Imagine you are trying to measure the height of a building, but your measuring tape is slightly stretchy. Each time you measure, you get a slightly different answer. A confidence interval is like saying: “Based on my eight measurements, I am 95% confident the true height is somewhere between 48.2 and 52.1 meters.”
More precisely: if you repeated your experiment 100 times and computed a 95% confidence interval each time, about 95 of those 100 intervals would contain the true population parameter. The remaining 5 would miss it entirely.
Common pitfall: A 95% CI does NOT mean “there is a 95% probability the true value is in this interval.” Once you compute a specific interval, the true value is either in it or it isn’t. The 95% refers to the procedure’s long-run success rate, not the probability for any single interval.
Point Estimates Are Not Enough
A point estimate is a single number — a sample mean, a proportion, a median. It is our best guess, but it carries no information about precision.
| Scenario | Point Estimate | What’s Missing? |
|---|---|---|
| Drug IC50 from 8 replicates | 12.3 nM | Could be 8-16 nM or 11.9-12.7 nM |
| Mutation frequency in 50 patients | 34% | Could be 21-47% or 30-38% |
| Mean tumor volume after treatment | 180 mm³ | How variable was the response? |
The confidence interval supplements the point estimate with a measure of uncertainty. Narrow intervals mean precise estimates; wide intervals mean the data leaves much room for doubt.

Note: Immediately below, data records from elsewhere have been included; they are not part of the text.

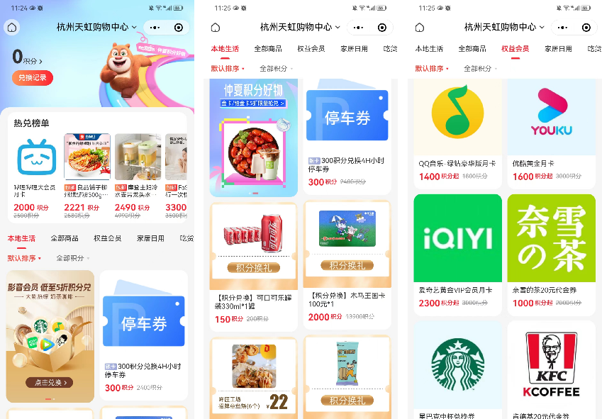 3.积分兑换体系很丰富:作为一家连锁的大型购物中心,天虹有实力和不同行业的品牌们进行合作。因此天虹的积分兑换体系非常丰富,不仅可以兑换实体商品,也可以换购优惠券、线上平台的月度会员等等。
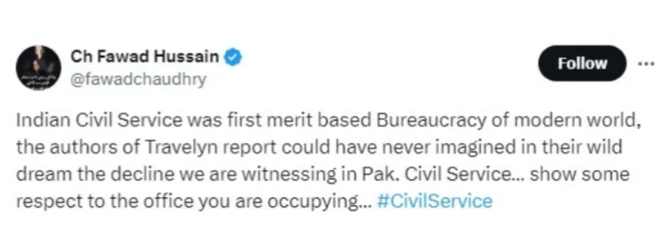 Fawad Chaudhry wrote: “Indian civil service was first merit-based Bureaucracy of modern world, the authors of Travelyn report could have never imagined in their wild dreams the decline we are witnessing in Pakistan Civil Service. Show some respect for the office you are occupying.
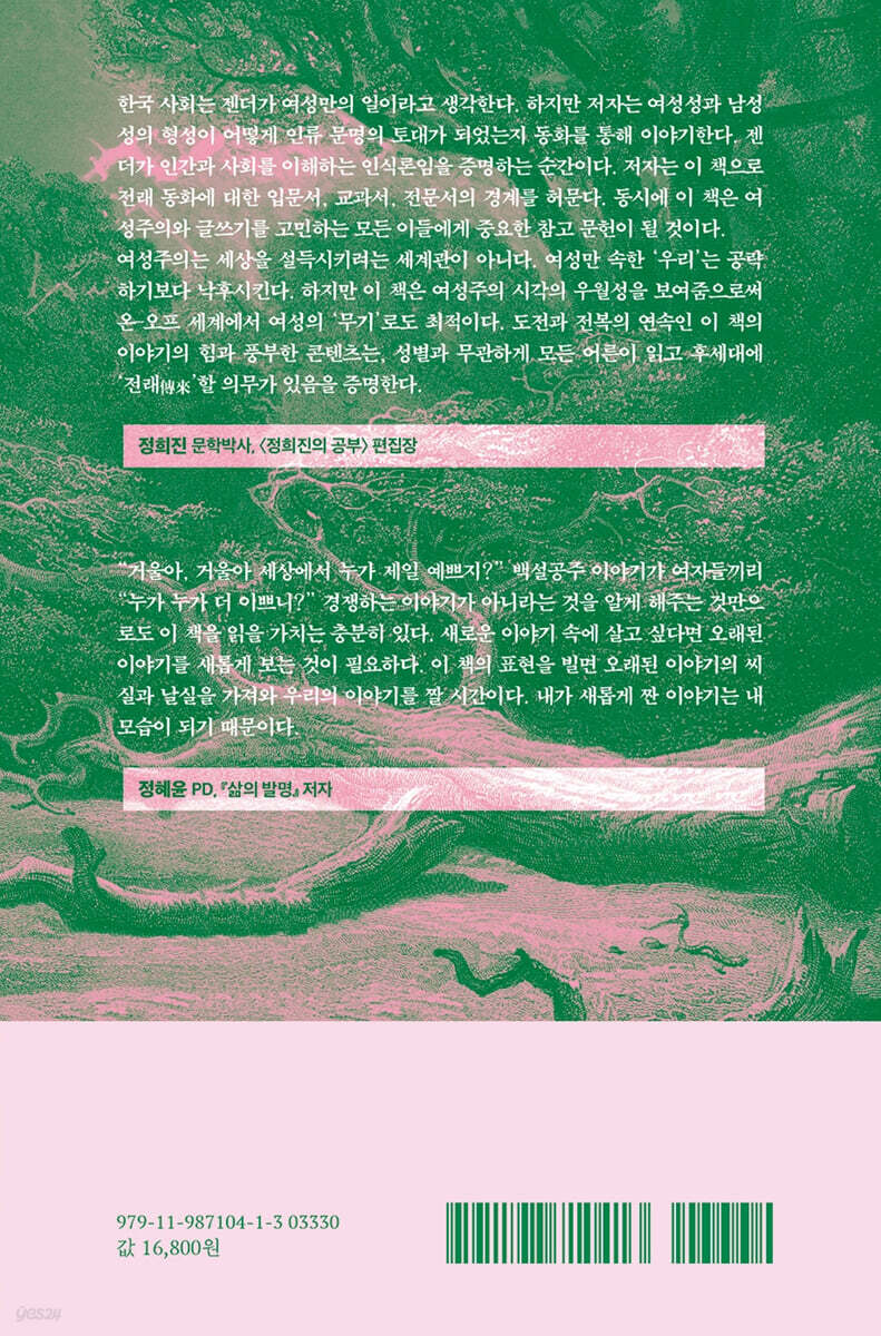 한국 사회는 젠더=‘여성 문제’로 간주한다. 젠더에 관한 한 최악의 관점이다. 이 책은 여성성과 남성성의 형성 과정이 어떻게 인류 문명의 토대가 되었는지 보여주고, 인간과 사회를 이해하는 인식론으로서 한국 사회에서 젠더의 지적인 지위를 높인다. 다양한 사례와 다방면에 걸친 저자의 박식함과 통찰 덕분에, 이 책은 여성주의와 글쓰기를 고민하는 사람에게는 중요한 참고문헌이 될 것이다. 여성주의는 세상을 설득하려는 세계관이 아니다. 이 책은 여성주의 시각의 우월성을 드러내므로, 온-오프 세계에서 여성의 ‘무기’로도 더할 나위 없다. 한편 도전과 전복의 연속인 이야기의 힘과 풍부한 콘텐츠는, 성별과 무관하게 모든 어른이 읽고 후대에 ‘전래(傳來)’할 의무가 있음을 증명한다. 성차별이 젠더 갈등으로 둔갑한 이 시대가 혼란스럽기만 한 모든 남성과 여성에게 권한다. - 정희진 (문학박사, <정희진의 공부> 편집장) |
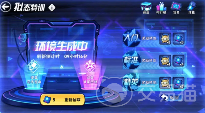 忍者必须死3拟态特训的玩法详情就是以上这些,这是一个相对来说比较简单的挑战玩法,简单在于整体的操作并不复杂,但是其中的战斗还是有难度可选择的,让大家能尽可能的去获取其中的资源奖励,从而兑换更多的好物。
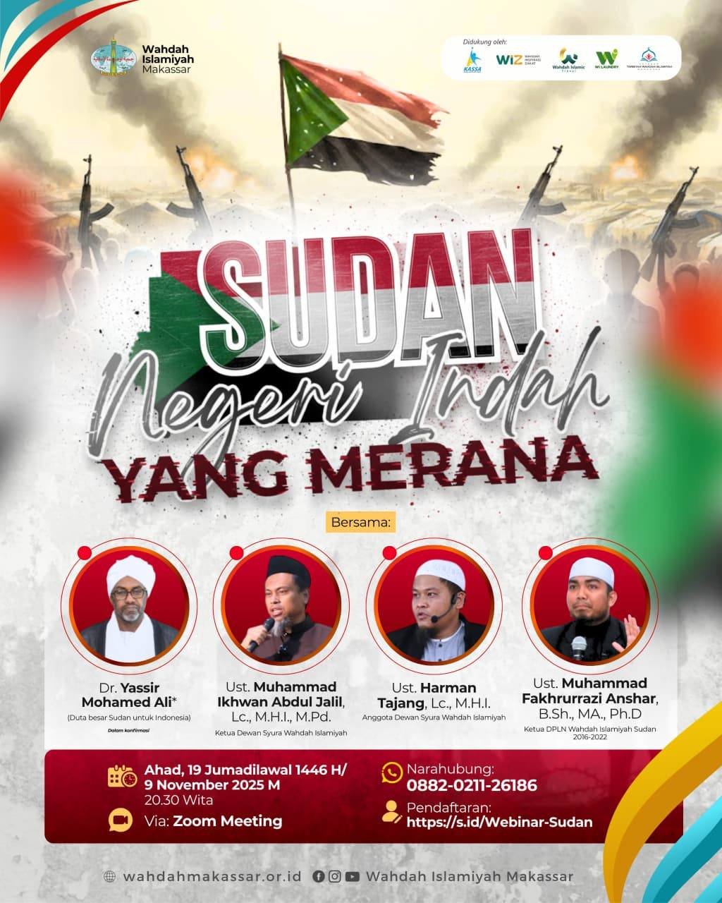Forum Zoom ini diadakan pada Ahad malam (9/11/2025), sekitar jam 20.00, oleh Pengurus DPP Wahdah Islamiyah Pusat, Makassar. Menghadirkan tokoh pimpinan Wahdah, Ustadz Wahdah di Sudan, juga Duta Besar Sudan, Dr. Yasser Mohammad Ali.
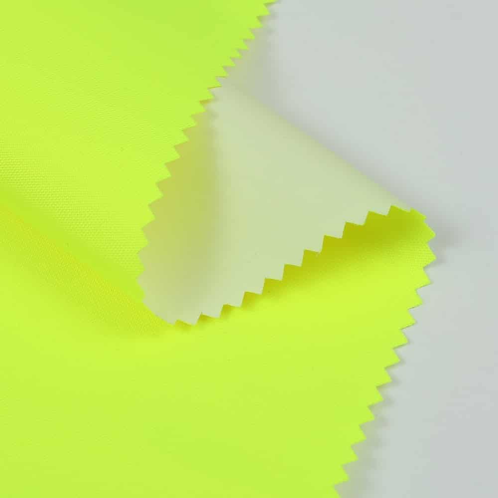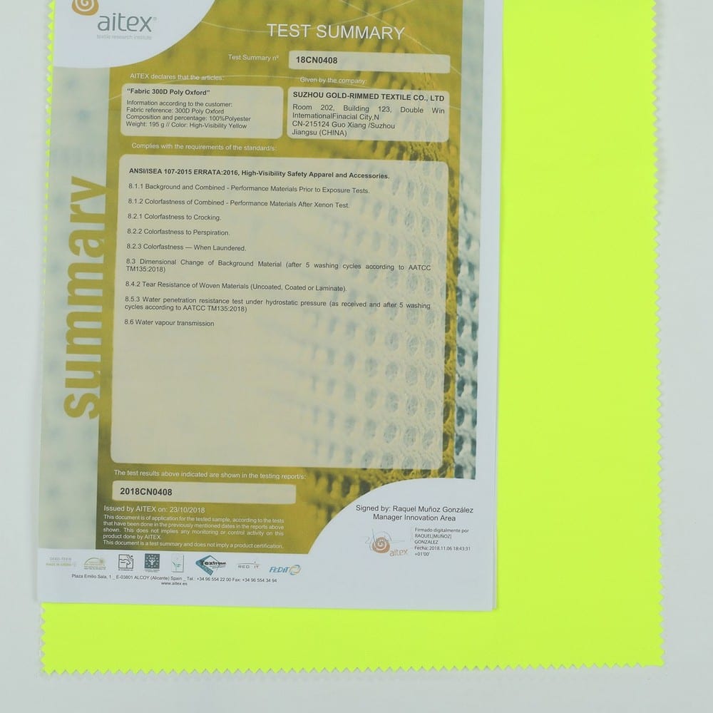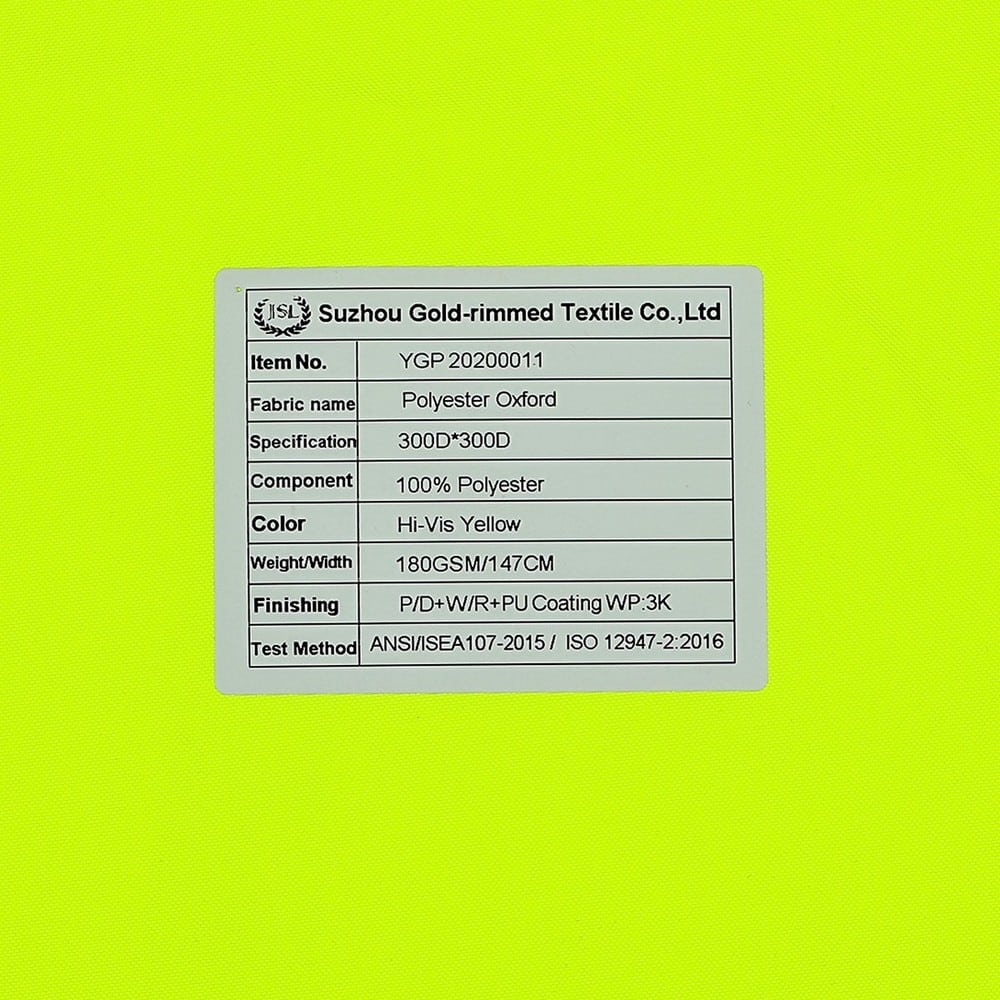 This is 300D polyester oxford fabric and meet with EN 20471 ,its face material is a 300D ripstop polyester oxford fluorescent fabric with water-repellent finish,its back material is a waterproof and breathable PU Coating WP:3K.It is water and wind resistant,waterproof,breathable,durable,ideal for high visibility clothing,workwear,personal protective equipment,etc.
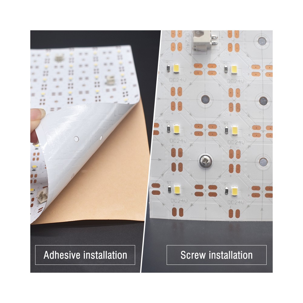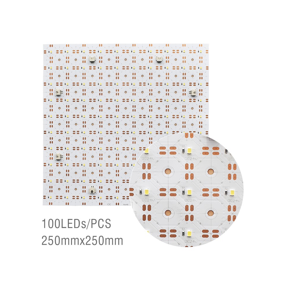 Fleksibelt LED ark 25x25 cm med høj farvegengivelse (RA94) og varm hvidt lys (3000K). 12W, 24V DC, IP20.

CI for a Mean: x-bar plus-or-minus t times SE
The most common confidence interval is for a population mean. The formula is:
CI = x-bar +/- t(alpha/2, df) x SE
Where:
- x-bar is the sample mean
- SE = s / sqrt(n) is the standard error of the mean
- t(alpha/2, df) is the critical value from the t-distribution with df = n - 1
- alpha = 1 - confidence level (for 95% CI, alpha = 0.05)
Why the t-Distribution for Small Samples?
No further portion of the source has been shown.